Anlass der Debatte waren die Antwort der Bundesregierung auf eine „Große Anfrage“ der AfD-Bundestagsfraktion zur „Förderung von LGBTIQ- und Gender-Projekten sowie Abtreibung im Ausland“ und damit verbundene Anträge („Woke Positionen international zurückdrängen“, „Finanzierung des UN-Bevölkerungsfonds beenden“). Von Vertretern der linken Fraktionen wurden die Anträge unter anderem als queerfeindlich und frauenfeindlich abgetan. Das ist längst ein Ritual, ebenso wie die Klage darüber, dass die AfD dem Bundestag überflüssige Debatten aufzwinge.
Tatsächlich hätte die Widersprüchlichkeit der Antworten der Bundesregierung eine kontrovers geführte Debatte verdient. So behauptet die Bundesregierung einerseits, „keine Maßnahmen im Ausland“ zu fördern, die „sich für ein Recht auf Abtreibung einsetzen“. Andererseits teilt die Bundesregierung mit, dass das Bundesministerium für wirtschaftliche Zusammenarbeit und Entwicklung (BMZ) die „International Planned Parenthood Federation“ (IPPF) seit 2022 mit einem jährlichen „Kernbeitrag“ unterstützt, der sich bis heute auf einen Gesamtbeitrag von 63 Millionen Euro summiert.
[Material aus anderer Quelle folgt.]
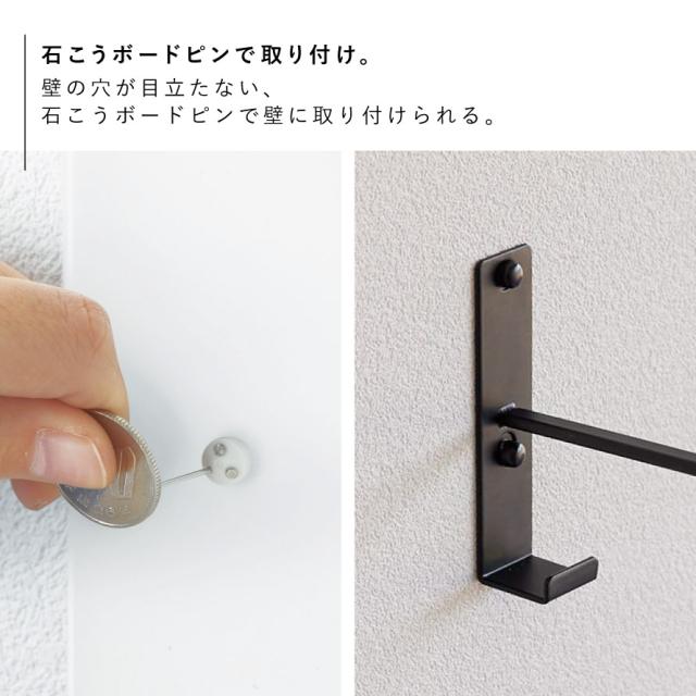 置き場所に困るヨガマットやフィットネスグッズを壁に収納。石こうボードピンで設置できるフック付きヨガマットハンガー。壁の穴が目立たない石こうボードピンで壁に取り付けられます。スペースを有効利用でき、床から浮かせて収納できるので、お掃除も楽ちん。

Es geht um den freien Zugang zu Abtreibungen
Auch die „MSI Reproductive Choices“ erhielt Mittel, die sich seit 2021 auf mehr als 14 Millionen Euro summieren. Schon ein Blick auf die Webseite der „MSI“ zeigt, dass es um den freien Zugang zu Abtreibungen geht. Dasselbe gilt für die IPPF, die ein Recht auf „qualifizierte Schwangerschaftsabbrüche“ fordert. Dass IPPF und MSI die Millionenförderungen des BMZ nur für unstrittige Zwecke wie die „Mutter-Kind-Gesundheit“ verwenden, dürfte wohl niemand glauben.
Aus Sicht der Ampel-Regierung sollten die Mittel wohl auch für Abtreibungen eingesetzt werden. Für die Ampel war der Schutz Ungeborener dem „Fortschritt“ im Weg. Deshalb wurde das Werbeverbot für Abtreibungen (der frühere § 219a StGB) abgeschafft. Das sollte ein Schritt sein auf dem Weg zur Abschaffung des § 218 StGB. Noch in den letzten Wochen der Ampel-Regierung wollten SPD und Grüne die Legalisierung von Abtreibungen durchsetzen und scheiterten nur knapp an Widerständen von CDU, AfD und Teilen der FDP.
Ein zentraler Akteur der Kampagne gegen § 218 StGB im Winter 2024/25 war „pro familia“, die deutsche Mitgliedsorganisation der IPPF. Schon bald nach Bildung der CDU-SPD-Koalition unterstützte „pro familia“ Frauke Brosius-Gersdorf als Richterkandidatin, um am Bundesverfassungsgericht neue Mehrheiten zu schaffen und dessen Rechtsprechung zum Lebensrecht des Ungeborenen mutmaßlich grundlegend zu verändern.
Verhältnis von „pro familia“ und den Unionsparteien schwierig
Seit Jahrzehnten ist das Verhältnis von „pro familia“ und den Unionsparteien schwierig. Noch im Februar betonte Klaus-Peter Willsch, der die Unionsfraktion im Haushaltsausschuss vertritt, dass die Förderung von Abtreibungsorganisationen unterbunden werden müsse. Solche Töne waren in der Debatte am Mittwoch von Unionsseite nicht mehr zu hören. Alle Auslandsförderungen der Bundesregierung unter den Titeln „LGBTIQ“, „Gender“ und „reproduktive Gesundheit“ dienten nun angeblich den „Menschenrechten“ und einer auswärtigen Politik, die Deutschlands „Verantwortung“ entspreche. Viele christliche Wähler dürften da allerdings anderer Auffassung sein.